Friday, March 21st, 2008
Spring is finally here, baseball is 10 days away and there is just one small problem, it is still cold outside, really cold. Not only is it still cold, the Chicago Cubs do not get a break from it in the first month of the season.
They play in Chicago, Pittsburgh, Philadelphia, Colorado and Washington. Not exactly Arizona weather. Last April, the weather forced postponements across the league and featured fans making miniature snowmen in their seats. That kind of cold, below 40 degrees in my opinion, is not fun for anyone involved. Players can’t wait to get off the field and fans don’t show up or sit there too cold to move. Injuries happen because of hazardous or slippery conditions.
So what could Major League Baseball do? How about if we review the scheduling issue here gentleman. Option A could be to schedule road trips for cold weather teams at the beginning of the year. Imagine this, (and stay with me here) the Chicago Cubs start off the season playing the Milwaukee Brewers. The Brewers have a dome.

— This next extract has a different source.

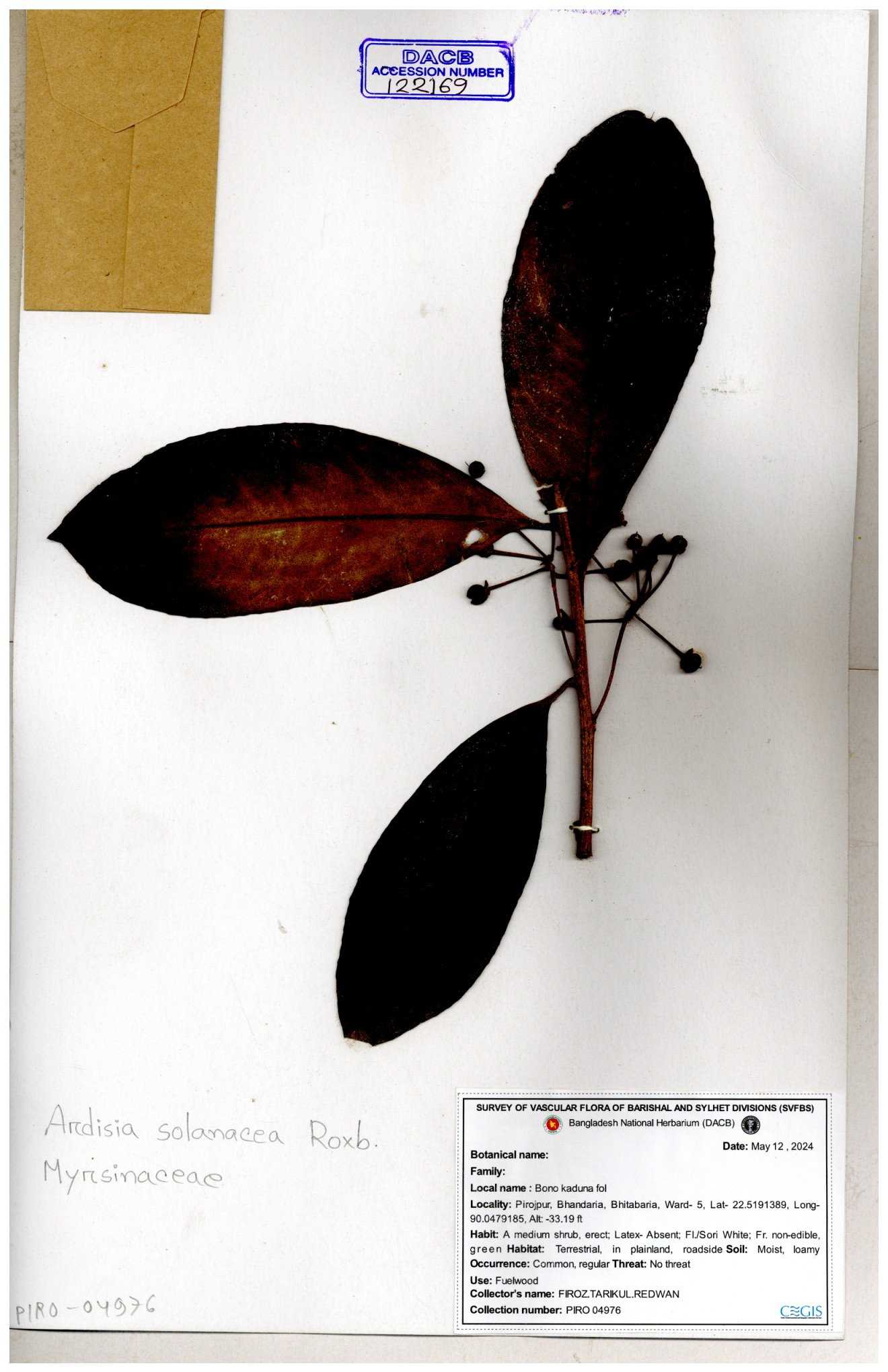 | 122169 | Myrsinaceae | Ardisia solanacea | 30-11--0001 |

Common sense says maybe the Cubs should play in said dome, where even if it snowed three feet, it would not matter.
I know Bud Selig thinks this type of solution would give cold-weather teams a competitive advantage since they would then get two home series later in the season. That seems kind of silly to me since half of all major league teams open their season on the road anyway. Every team has stretches of 10 or more consecutive days on the road each season, if cold-weather teams happen to have their road trip at the beginning for the convenience and comfort of their fans and players, so what?Option B may be to shorten the season so baseball would begin mid-April. Yes, as soon as I typed that I know what you are going to say. There is no way in a million years our good friend Mr. Selig would shorten the season and lose money…no way. Although I think he would consider it if MLB could make MORE money doing it, you can bet on that.
So what does cold weather in April mean for the Cubs?
It may mean trouble. Consider this team is struggling with the bats in late spring training, what is going to happen when they are playing in 32 degree weather with wind off the lake? It means Soriano should definitely NOT be in the number one spot. It means fans are going to jump on Fukodome’s back when he has a slow April, which may lead to frustration. What cold weather in April really means is the Cubs will have to (gasp) manufacture runs and play fundamental, error free baseball. By the way, manufacturing runs is a whole lot easier to do with a legitimate leadoff hitter.
What do you think? What are the keys to success for the Chicago Cubs in April?